A maioria das ações contra empresas desde 2006 foi pacífica, mas ocorreram casos sérios de destruição de plantações ou depredação do patrimônio - em 7 dos 45 casos de ocupação. "Foram atos para demarcar uma posição política, seja contra o plantio de transgênicos, seja contra a privatização", afirma Antonio Julio de Menezes Neto, sociólogo e professor da Faculdade de Educação da Universidade Federal de Minas Gerais (UFMG).

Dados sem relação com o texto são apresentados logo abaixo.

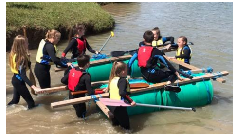
Y6 building rafts at Manley Mere

Sports Day was replaced by Sports Week, during which the various year groups participated in all the usual events, with photos and videos made available online so that parents/carers could feel as involved as possible. Newgate were the winning house for the junior events.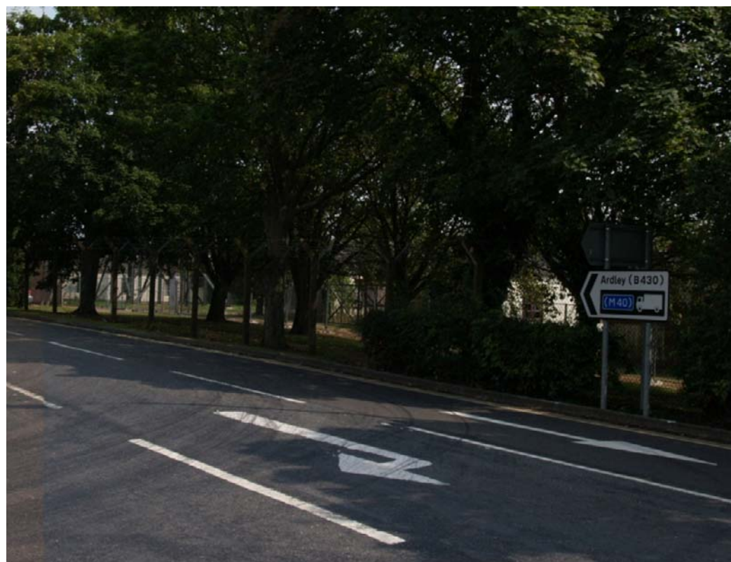
Viewpoint 31: From Camp Road on the west edge of the airbase, looking east towards site continued

O sociólogo observa que a mudança de estratégia dos movimentos rurais é mais antiga. Nos anos 90, foram realizadas mais ações em áreas urbanas e sobre temas que ultrapassavam a questão agrária - entre eles a privatização da Vale e a pulverização de ações da Petrobras. Para Menezes, o MST acredita que a reforma agrária só será possível dentro de outro modelo sócio-econômico. Daí a inserção em discussões políticas mais amplas. "Não que a questão da reforma agrária tenha sido deixada de lado. Mas há um interesse em mudar a estrutura do país para que a reforma seja possível", diz.

Marina dos Santos, membro da coordenação nacional do MST e da coordenação da Via Campesina Brasil, corrobora a tese de Menezes. "Quando a gente faz esse tipo de ação, não estamos conversando com o governo. Não se trata da reforma agrária. Estamos falando de soberania nacional."

No processo de mudança de foco, no entanto, um questionamento antecede a avaliação sobre o formato das manifestações: por que dirigir as ações contra empresas. Para Menezes, o "MST busca uma crítica ao governo, mas sem romper com ele, por isso direciona a ação às empresas privadas. Eles ainda estão vinculados ao Lula. E o governo é um pouco conivente, porque precisa que a esquerda cresça no Congresso e precisa se preservar da influência de grandes empresas no parlamento."

De acordo com Marina dos Santos, as ações têm por objetivo alertar a sociedade sobre a concentração de poder econômico nas mãos de grupos transnacionais e, por esse motivo, a decisão de protestar em unidades de empresas como Monsanto, Stora Enso e Suzano.

Plínio Arruda Sampaio, presidente da Ação Brasileira da Reforma Agrária (Abra), é simpatizante dos movimentos, mas reconhece que a depredação de propriedades dificulta à Via Campesina ganhar simpatias. "Criou-se um círculo vicioso da barbárie. Se não quebrar nada, a mídia não divulga, as pessoas não reagem. Chegamos em um ponto onde, às vezes, a violência se torna o único meio de se fazer ouvir", diz.